HIV vaccine is best hope in 20 years

Seattle Times medical reporter

An international effort coordinated by Seattle scientists will soon begin testing the most promising AIDS vaccine in more than 20 years of research.

In smaller trials, the vaccine has produced the strongest immune response ever against the AIDS virus, said Dr. Larry Corey, lead scientist for the international HIV Vaccine Trials Network, based at the Fred Hutchinson Cancer Research Center in Seattle.

The vaccine will be tested in 13 U.S. cities, including Seattle, and in five other countries.

"This is an important step closer" to a vaccine that could be widely used, Corey said.

If the vaccine succeeds in the trial, a widely available immunization could be ready in about seven years, he said. A larger effectiveness trial would first be needed, as would reconstruction of the vaccine to cover additional variations of HIV.

"Right now, I think it's the best we've seen," said Dr. Julie McElrath, lead scientist in the Seattle arm of the trial and a Fred Hutchinson researcher.
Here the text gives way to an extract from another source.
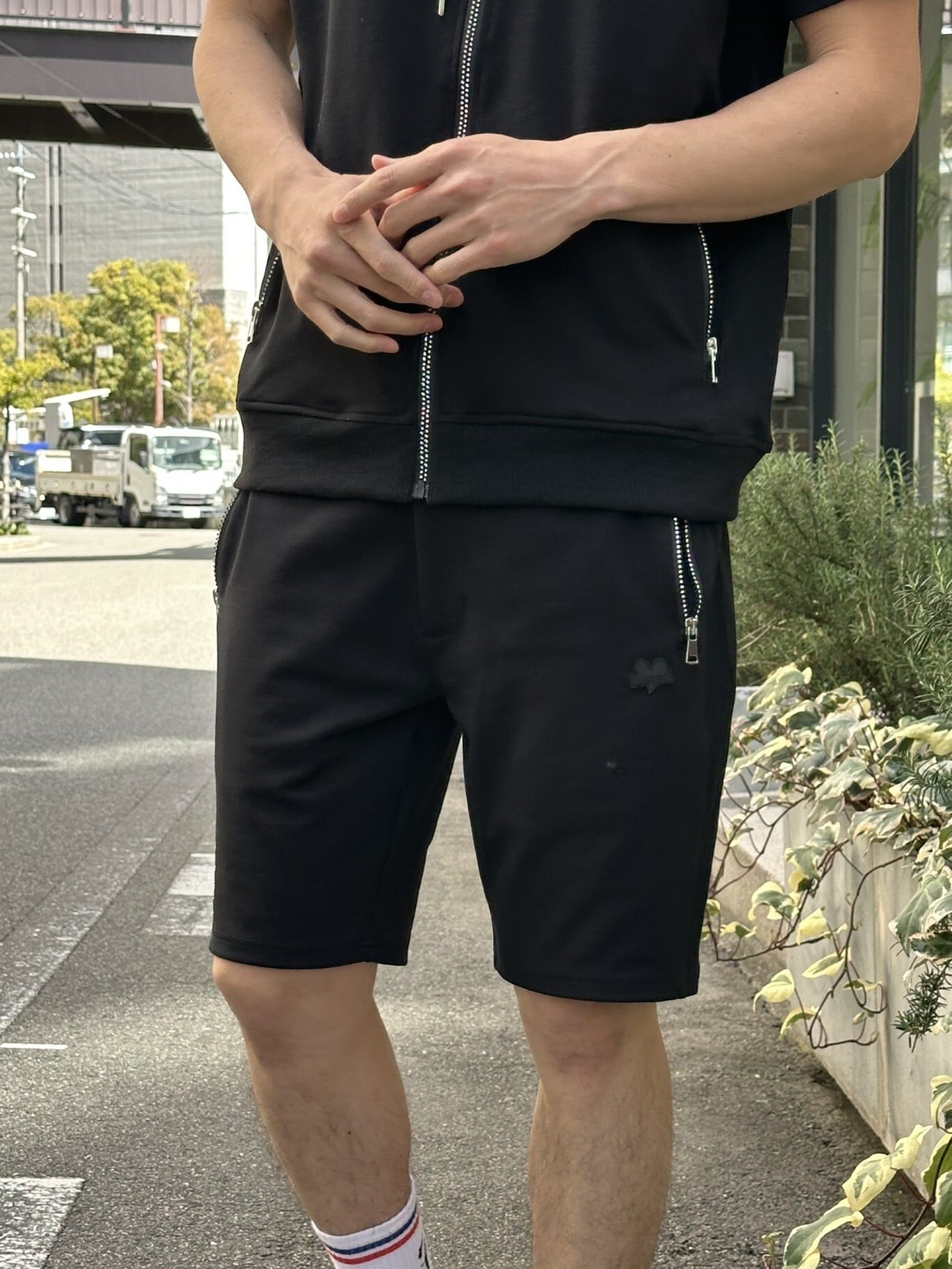 素材は中肉生地、収縮性がありソフトな肌感です!ユニセックス商品です、SET/UPでもご利用頂けます。サイドポケットはラインストーンZIPUPです!

Scientists have struggled since the mid-1980s to produce a vaccine, trying more than 100 preparations in animals and humans combined. But the virus is able to mutate, allowing it to escape an immune system primed by a vaccine to attack.

Volunteers wanted


Scientists are looking for volunteers for the HIV-vaccine trial in Seattle. Candidates should be gay men, age 18 to 45, who are at high risk for HIV infection. Call 206-667-2300.

Produced by Merck, the new prototype vaccine will be tested in 1,500 volunteers at high risk for sexual transmission of HIV, including 50 gay men in Seattle.

The trial, called the Step Study, will also be conducted in 13 U.S. cities and Puerto Rico, and in six cities abroad: Santo Domingo, Dominican Republic; Port-au-Prince, Haiti; Iquitos, Peru; Lima, Peru; Toronto, Canada; and Sydney, Australia.

In smaller trials involving more than 250 people, the vaccine has proved safe and shown encouraging immune response, Corey said. The worst side effects — in doses higher than the current trial — were fever and aches.

The vaccine, which is injected, uses a disabled form of a common cold virus, called adenovirus, to take three HIV genes into the body. The combination tricks the immune system into producing cells that would kill the whole AIDS virus. It is impossible for the vaccine itself to cause HIV infection.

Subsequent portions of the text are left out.